Специфическая речь звучит и в «московских случаях», как бы не сочиненных, а записанных, звучащих от лица некоего рассказчика, но всей видимости, рассказчицы. Установка на устное, произнесенное (спетое — «Песни» ведь!) слово — одна из важнейших, основополагающих черт этой прозы. Что же это за рассказчица? Это жительница московской окраины — Черкизова, Сокольников, Бабушкина, — не коренная москвичка; судя по языку, приехавшая в Москву, видимо, в 30-е годы, поднаторевшая в столичной жизни, но навсегда оставшаяся провинциалкой; внерелигиозная, но заместившая веру истинную верой в чудеса и тайны; отчаянно жадная до слухов, заменяющих ей лживую газетную продукцию; упорно отстаивающая идею справедливого возмездия.
По всем канонам «большого» советского стиля рассказчица (и соответственно случаи, о которых она повествует) представляет пресловутое «мещанство», «пошлость», воплощение «плохого вкуса», с которыми этот стиль столь настойчиво боролся, являя собой апофеоз вульгарности.
На самом же деле Петрушевская в условиях господства эклектики в современной культуре ведет поиск новой цельности, возникающей на эстетическом развале имперского стиля, или, как еще его называли, «стиля вампир». Вместо «производственного» сюжета (благополучно приноровившегося к новым условиям в так называемой «чернухе»), вместо благородных героев и героинь (как «советской», так и «антисоветской» литератур) Петрушевская концентрирует «сырую», «пошлую», «вульгарную» действительность, рассматривая ее как эстетический феномен, производя коллекционную и культурологическую работу. Можно ли сказать, что Петрушевская «реабилитирует мещанство»?
Дело не в выставляемых нами по традиции оценках, не в «хорошо» или «плохо», а в том, что Петрушевская возвращает в литературу пласты жизни, ею, литературой, ханжески презираемые. Вспомним еще раз Трифонова: и жизнь, и смерть, и рождение человека — пресловутый «быт»… И недаром в столь «пошлые» по материалу «случаи» и пьесы совершенно неожиданно, но для Петрушевской абсолютно закономерно вплетается чистый голосок ребенка ангела, сидящего на горшке. И недаром почти каждый из «случаев» завершается образом примиряющей смерти, раскаяния: «…у края могилы, заброшенной и заросшей, и сорная трава, сильно поднявшаяся за лето, касалась их колен, пока они не ушли».

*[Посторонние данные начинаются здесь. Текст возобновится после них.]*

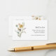 Karte mit Blumendetails. Diese elegante, skurrile Wildblume-Hochzeitskunstkarte mit handbemalten Aquarellfarben, rosa, staubblau und schlaugrün gepressten Blume mit schwarzem Text auf weißem Hintergrund. Auf der Rückseite befindet sich ein QR-Code zur Personalisierung. Finden Sie passende Artikel in den Einladungen zur Hochzeit der Wildblume | Sammlung gepresster Blume.

На наше сознание, которому было привито высокомерное чувство причастности к «высокой культуре», единственными наследниками и продолжателями которой мы себя ощущали, феномен реабилитации вульгарного в литературе действует как эстетический шок. «Чистенькое» сознание способно горячо откликнуться на крестьянскую культуру (всегда характеризуемую «хорошим вкусом» — народная культура безвкусной не бывает), но неспособно заинтересоваться поэтикой этого феномена, эволюцией моральных и художественных клише в универсуме обыденного сознания. «Чистенькое» идеологизированное сознание вообще не в силах признать эстетическую ценность этого феномена.
В рассказе Т. Толстой «Любишь — не любишь» сопровождающая детей на прогулки ленинградская послевоенная «бонна» Марьиванна ими, детьми, ненавидима и презираема за все, что кажется им вульгарным в ее облике, речи, поведении. Если бы дети могли формулировать, то они, пожалуй, сказали бы, что ненавидят ее «мещанство», то, что Белинский определил как «образцы ложного вкуса»: «шляпку с вуалькой», «дырчатые перчатки», пирожное «кольцо», старинные фотографии «она и дядя прислонились к роялю, а сзади — водопад», язык — «Вот эти жемчуга — здесь плохо видно это его подарок. Он безумно, безумно меня любил», а пуще всего — ее любовную историю и стихи ее покойного жениха («такой романтичный, немного мистик»):
Весь канон дурновкусия: здесь и прекрасные «туземки», и «меланхолические улыбки», и «нарциссы», венчанье с мертвецом. Эстетике Марьиванны противостоит народная эстетика любимой няни Груши, хранящей тысячу рассказов «о говорящих медведях, о синих змеях, которые по ночам лечат чахоточных людей, заползая через печную трубу, о Пушкине и Лермонтове», давно ставших героями фольклора. Но на самом деле это противостояние — ложное; Марьиванна — реликт исчезнувшей городской культуры, а няня Груша — исчезнувшей деревенской, и они не враждуют, а дополняют друг друга; недаром после ухода Марьиванны в рассказе возникает щемящая пустота. Осмеянная злыми детьми, Марьиванна олицетворяет непонятную, нерасслышанную человечность городской «романсовой» культуры, неистребимой до тех пор, пока не будут окончательно и бесповоротно истреблены человеческие чувства.